Opening
Elvis & Nixon (R) This dramatization of the real-life 1970 meeting between Richard Nixon (Kevin Spacey) and Elvis Presley (Michael Shannon) would have been better on stage. Elvis goes to the White House to ask for a federal badge to combat the scourge of communists, hippies, drug addicts, Black Panthers, and the Beatles. Spacey, always a fine impressionist, has Nixon’s mannerisms down, and Shannon gets the nicest moments in the script, like when Elvis remembers his dead twin brother as he awaits the meeting. Still, director Liza Johnson can’t find any larger meaning in this encounter, and Alex Pettyfer has way too much screen time as a boring member of Elvis’ entourage who needs to return to his family. Had these two actors done this live in a theater, this might have seemed more than the inconsequential bit that it is. Also with Johnny Knoxville, Colin Hanks, Evan Peters, Sky Ferreira, Tracy Letts, Ashley Benson, and Tate Donovan. (Opens Friday at AMC Grapevine Mills)
Born to Be Blue (R) Ethan Hawke stars in this bizarre biography of Chet Baker, as the heroin-addicted jazz trumpeter comes back from a savage beating that leaves him unable to play. Weirdly, there’s also a layer of metafiction as some of the scenes are staged as Baker portraying himself in a movie about his own life, with one actress (Carmen Ejogo) portraying all his wives and girlfriends. What writer-director Robert Budreau puts this in for is unclear. David Braid plays Baker’s solos on the soundtrack and does a reasonable impression of the great jazzman, but this movie meanders too much to say anything meaningful about its subject. Also with Callum Keith Rennie, Tony Nappo, Stephen McHattie, Janet-Laine Green, Dan Lett, Kevin Hanchard, and Kedar Brown. (Opens Friday at Premiere Cinemas Burleson)
Compadres (NR) This Mexican action-comedy stars Omar Chaparro as a cop who teams up with an American computer hacker (Joey Morgan) to gain revenge on a crime lord (Erick Elias). Also with Aislinn Derbez, Héctor Jímenez, Camila Sodi, Alejandra Guilmant, Kevin Pollak, and Eric Roberts. (Opens Friday)
The Huntsman: Winter’s War (PG-13) The sequel to Snow White and the Huntsman stars Chris Hemsworth and Jessica Chastain as warriors protecting a queen (Emily Blunt) against her evil sister (Charlize Theron). Also with Nick Frost, Rob Brydon, Sheridan Smith, Alexandra Roach, Ralph Ineson, and Sam Claflin. (Opens Friday)

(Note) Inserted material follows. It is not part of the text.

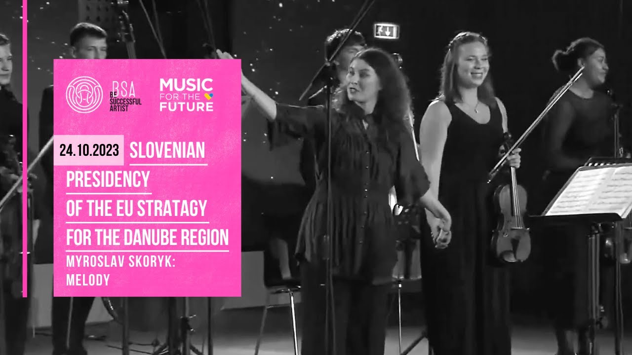 The event focused on the symbiosis of the talents of young Ukrainian musicians who, through the “Music for the Future” project, have found refuge in Slovenia and their Slovenian peers. Together they joined forces in the framework of the musical and educational activities offered by the Slovenian Youth Orchestra (SMO). This unique fusion of talents came to the fore at the EUSDR. The chamber ensemble, featuring both Ukrainian and Slovenian musicians, presented an outstanding musical programme. The highlight of the evening was the performance of the European anthem in Ukrainian, performed by Marina Dolibets.

Miles Ahead (R) Underneath the insane fabrications, this Miles Davis biopic is just another overindulgent vehicle directed by its star. Don Cheadle is the filmmaker and lead actor, portraying the great jazz trumpeter during his late 1970s period of seclusion trying to fend off the attentions of a fictitious Rolling Stone reporter (Ewan McGregor). Cheadle invents a car chase and shootout with a music promoter that doesn’t remotely resemble anything in Davis’ life, but none of it sheds any light on the man’s artistry or his drive to reinvent himself. Davis’ music is heard on the soundtrack, and his impeccable control whether he’s playing cool jazz or hard bop says more than this movie ever could. Also with Michael Stuhlbarg, Emayatzy Corinealdi, Keith Stanfield, Joshua Jessen, and Theron Brown. (Opens Friday at AMC Grapevine Mills)

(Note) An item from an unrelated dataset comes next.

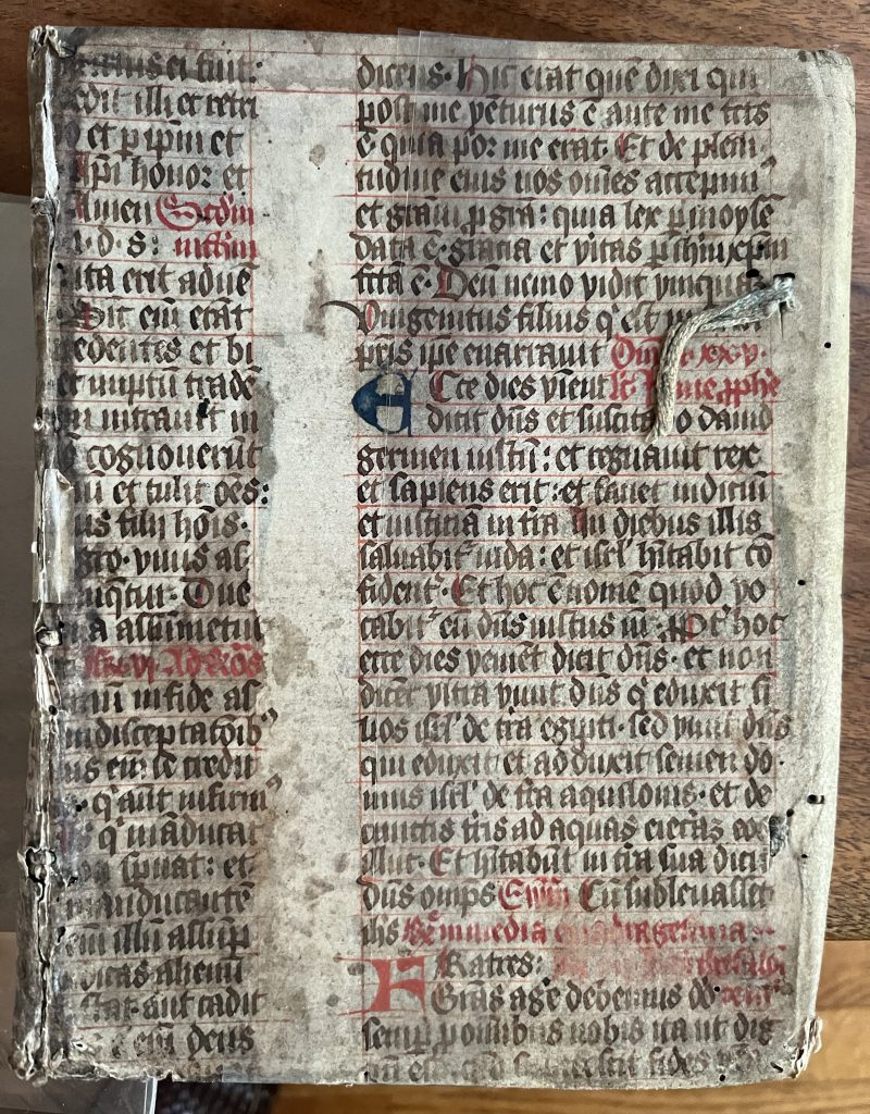 Here, with added ties to close the printed book, appears part of a 2-column page of text written in ink, with enlarged 2-line inset initials rendered alternately in blue or red pigment, rubrication written in red pigment for headings, and added strokes of red pigment to mark and highlight in minor text initials within the columns. Red lines set out the rulings for the lines and columns of text.

Nina (NR) The controversy over this Nina Simone biopic has been over the use of prosthetics and skin-darkening makeup on lead actress Zoe Saldana, but that’s hardly the only issue here. The 37-year-old Saldana is playing Simone in her 60s as she lives in exile in southern France. Writer-director Cynthia Mort seems not to have the faintest idea who her main character is, ignoring Simone’s political activism, her musical influence, and the extent to which the singer cultivated her imperious façade as a way of dealing with the music world’s racism. Instead it concentrates on her relationship with her business manager (David Oyelowo, who surely has better things to do than play the worshipful fan). Saldana does her own singing, and she never approaches Simone’s intensity and magnetism except possibly in “Wild Is the Wind.” You may wonder how they messed up such a great subject. The answer is: Lots of ways. Also with Ronald Guttman, Mike Epps, Ella Thomas, Ella Joyce, and Keith David. (Opens Friday at AMC Parks at Arlington)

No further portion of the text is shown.